# [Required work]
Print, exactly as they appear in the listing below, the lines from the line with "A Revolução Francesa" to the line with "Chathams blue semi", with both end lines kept.

# [Data in this exercise]
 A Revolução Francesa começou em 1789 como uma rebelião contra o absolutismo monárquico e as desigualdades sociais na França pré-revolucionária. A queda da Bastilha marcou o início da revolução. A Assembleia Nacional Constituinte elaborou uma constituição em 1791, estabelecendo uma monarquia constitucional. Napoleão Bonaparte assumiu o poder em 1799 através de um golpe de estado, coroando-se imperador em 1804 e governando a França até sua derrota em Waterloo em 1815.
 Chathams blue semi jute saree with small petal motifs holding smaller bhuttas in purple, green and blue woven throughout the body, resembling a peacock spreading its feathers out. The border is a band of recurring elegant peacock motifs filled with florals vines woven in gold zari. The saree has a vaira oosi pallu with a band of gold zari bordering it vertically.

* * *

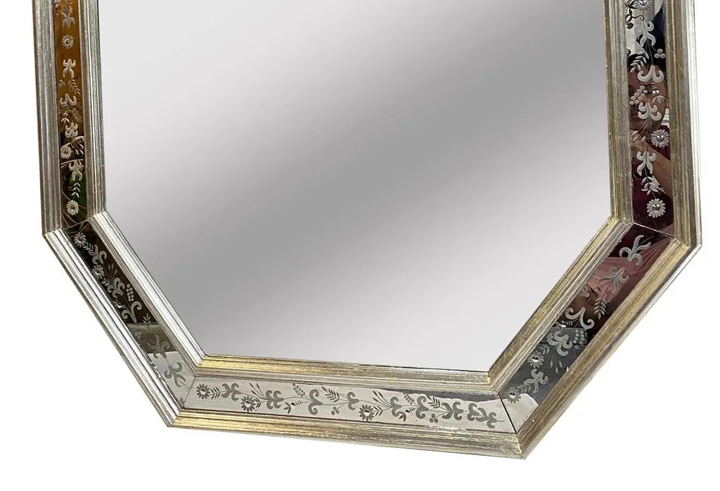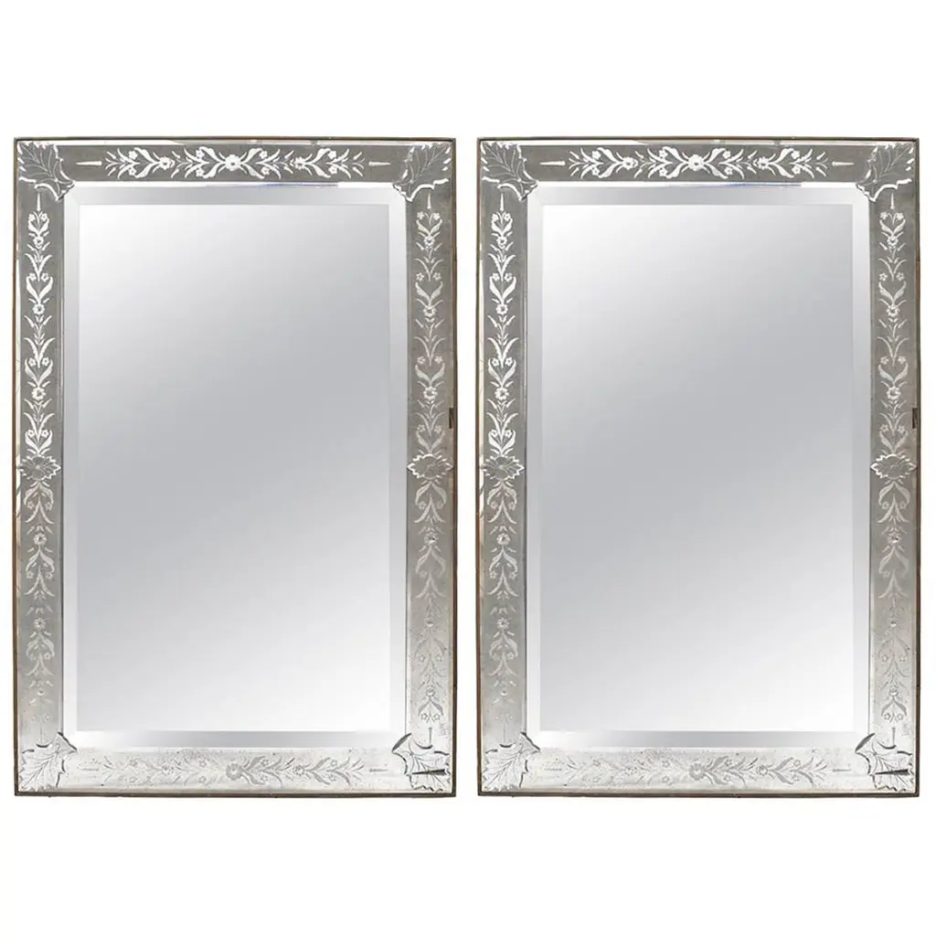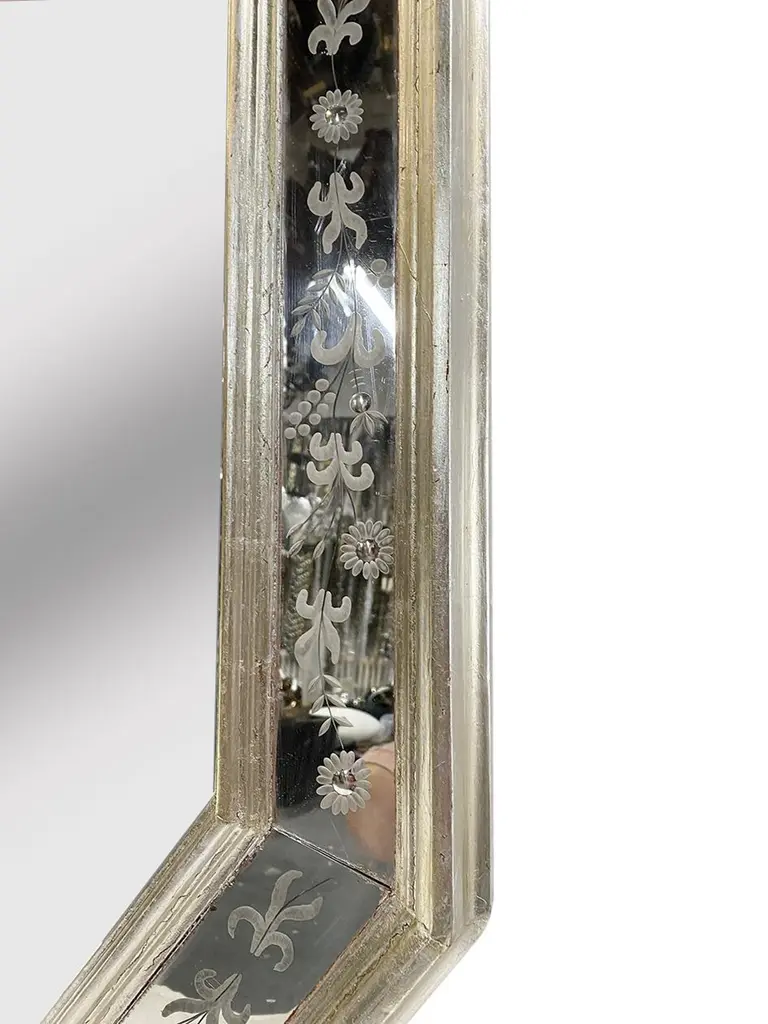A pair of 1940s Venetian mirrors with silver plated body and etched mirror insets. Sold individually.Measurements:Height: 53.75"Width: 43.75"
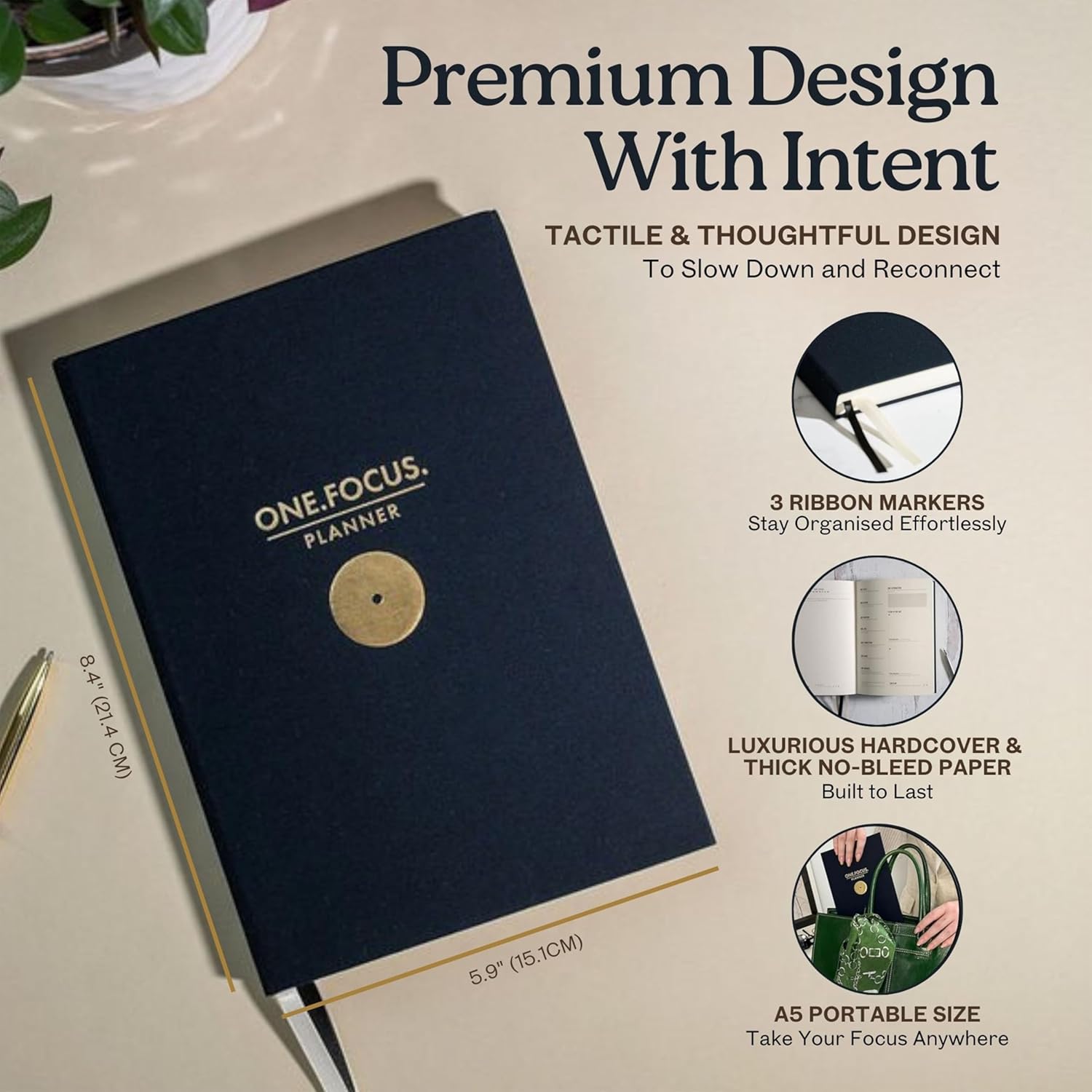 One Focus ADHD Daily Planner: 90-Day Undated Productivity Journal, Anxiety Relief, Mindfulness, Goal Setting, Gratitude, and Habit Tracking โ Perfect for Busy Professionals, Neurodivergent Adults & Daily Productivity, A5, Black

==

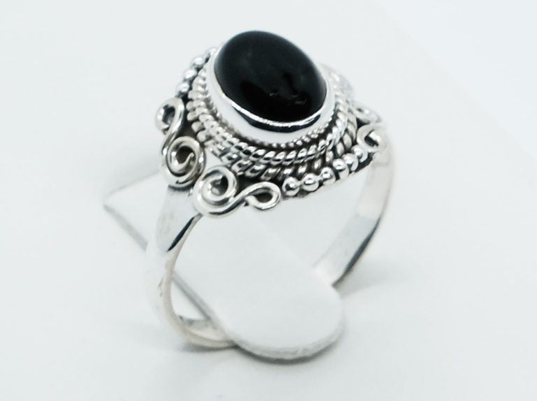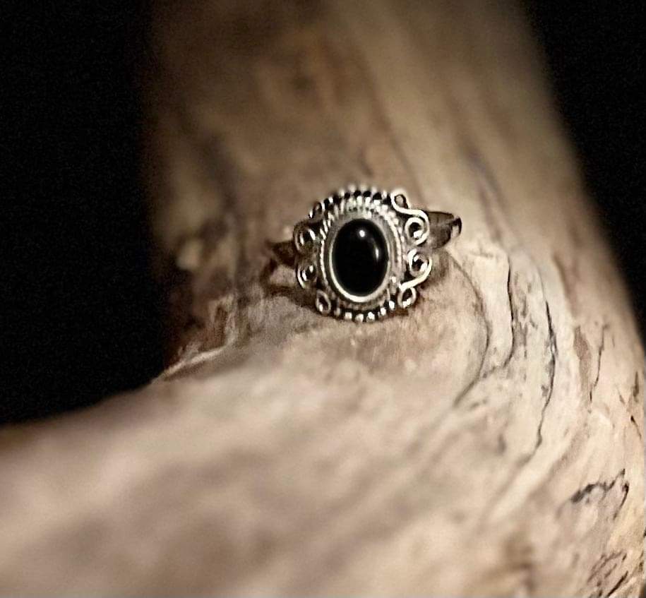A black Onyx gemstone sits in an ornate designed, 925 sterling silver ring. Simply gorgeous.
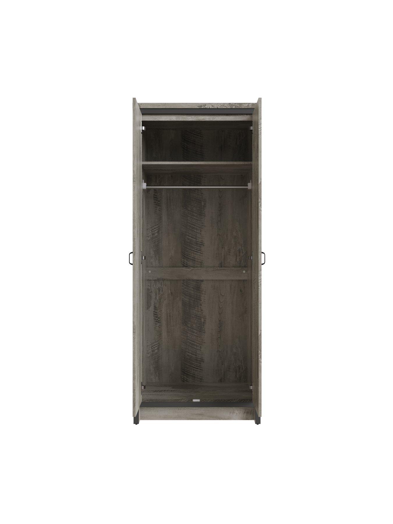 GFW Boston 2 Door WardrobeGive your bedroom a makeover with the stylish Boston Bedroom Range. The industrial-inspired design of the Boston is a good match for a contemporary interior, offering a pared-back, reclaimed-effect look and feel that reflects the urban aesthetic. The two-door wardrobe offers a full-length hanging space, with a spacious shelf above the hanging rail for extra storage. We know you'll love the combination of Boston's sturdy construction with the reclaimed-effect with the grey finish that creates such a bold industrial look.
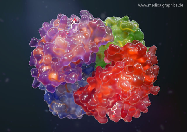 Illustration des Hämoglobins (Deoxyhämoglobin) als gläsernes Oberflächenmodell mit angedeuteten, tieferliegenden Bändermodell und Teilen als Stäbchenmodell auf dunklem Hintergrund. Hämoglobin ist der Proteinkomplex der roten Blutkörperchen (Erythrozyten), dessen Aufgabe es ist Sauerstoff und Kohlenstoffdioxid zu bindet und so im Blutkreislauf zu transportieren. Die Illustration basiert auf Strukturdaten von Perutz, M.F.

# [Response area]
 A Revolução Francesa começou em 1789 como uma rebelião contra o absolutismo monárquico e as desigualdades sociais na França pré-revolucionária. A queda da Bastilha marcou o início da revolução. A Assembleia Nacional Constituinte elaborou uma constituição em 1791, estabelecendo uma monarquia constitucional. Napoleão Bonaparte assumiu o poder em 1799 através de um golpe de estado, coroando-se imperador em 1804 e governando a França até sua derrota em Waterloo em 1815.
 Chathams blue semi jute saree with small petal motifs holding smaller bhuttas in purple, green and blue woven throughout the body, resembling a peacock spreading its feathers out. The border is a band of recurring elegant peacock motifs filled with florals vines woven in gold zari. The saree has a vaira oosi pallu with a band of gold zari bordering it vertically.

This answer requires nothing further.